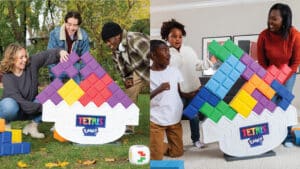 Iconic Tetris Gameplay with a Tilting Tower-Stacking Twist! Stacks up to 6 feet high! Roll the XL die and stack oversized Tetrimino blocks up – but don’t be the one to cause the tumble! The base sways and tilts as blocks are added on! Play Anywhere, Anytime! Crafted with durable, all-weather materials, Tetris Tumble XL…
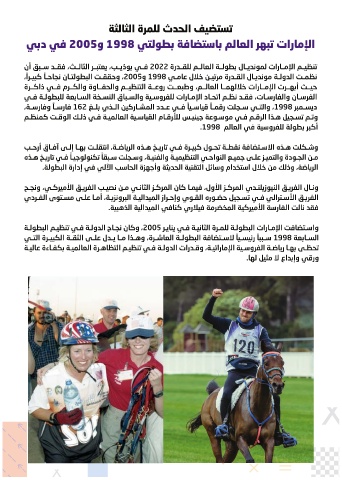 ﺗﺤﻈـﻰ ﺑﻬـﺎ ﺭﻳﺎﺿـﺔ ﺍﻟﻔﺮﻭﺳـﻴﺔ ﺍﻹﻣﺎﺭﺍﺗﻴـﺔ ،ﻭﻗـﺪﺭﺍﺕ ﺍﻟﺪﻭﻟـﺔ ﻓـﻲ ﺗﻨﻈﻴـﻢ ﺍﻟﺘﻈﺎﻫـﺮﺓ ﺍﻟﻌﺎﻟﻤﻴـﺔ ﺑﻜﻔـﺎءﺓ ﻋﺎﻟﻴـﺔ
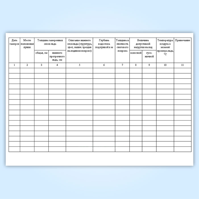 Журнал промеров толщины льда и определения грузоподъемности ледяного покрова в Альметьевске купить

= = =

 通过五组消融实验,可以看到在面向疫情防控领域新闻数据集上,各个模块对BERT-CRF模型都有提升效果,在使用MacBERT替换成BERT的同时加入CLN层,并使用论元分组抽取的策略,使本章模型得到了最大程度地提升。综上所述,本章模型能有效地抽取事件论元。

= = =

Task goal: Pictures excluded, reproduce only the part above that opens with the line holding "Iconic Tetris Gameplay" and closes with the line holding "Журнал промеров толщины", exactly as written.

Solved problem:
 Iconic Tetris Gameplay with a Tilting Tower-Stacking Twist! Stacks up to 6 feet high! Roll the XL die and stack oversized Tetrimino blocks up – but don’t be the one to cause the tumble! The base sways and tilts as blocks are added on! Play Anywhere, Anytime! Crafted with durable, all-weather materials, Tetris Tumble XL…
 ﺗﺤﻈـﻰ ﺑﻬـﺎ ﺭﻳﺎﺿـﺔ ﺍﻟﻔﺮﻭﺳـﻴﺔ ﺍﻹﻣﺎﺭﺍﺗﻴـﺔ ،ﻭﻗـﺪﺭﺍﺕ ﺍﻟﺪﻭﻟـﺔ ﻓـﻲ ﺗﻨﻈﻴـﻢ ﺍﻟﺘﻈﺎﻫـﺮﺓ ﺍﻟﻌﺎﻟﻤﻴـﺔ ﺑﻜﻔـﺎءﺓ ﻋﺎﻟﻴـﺔ
 Журнал промеров толщины льда и определения грузоподъемности ледяного покрова в Альметьевске купить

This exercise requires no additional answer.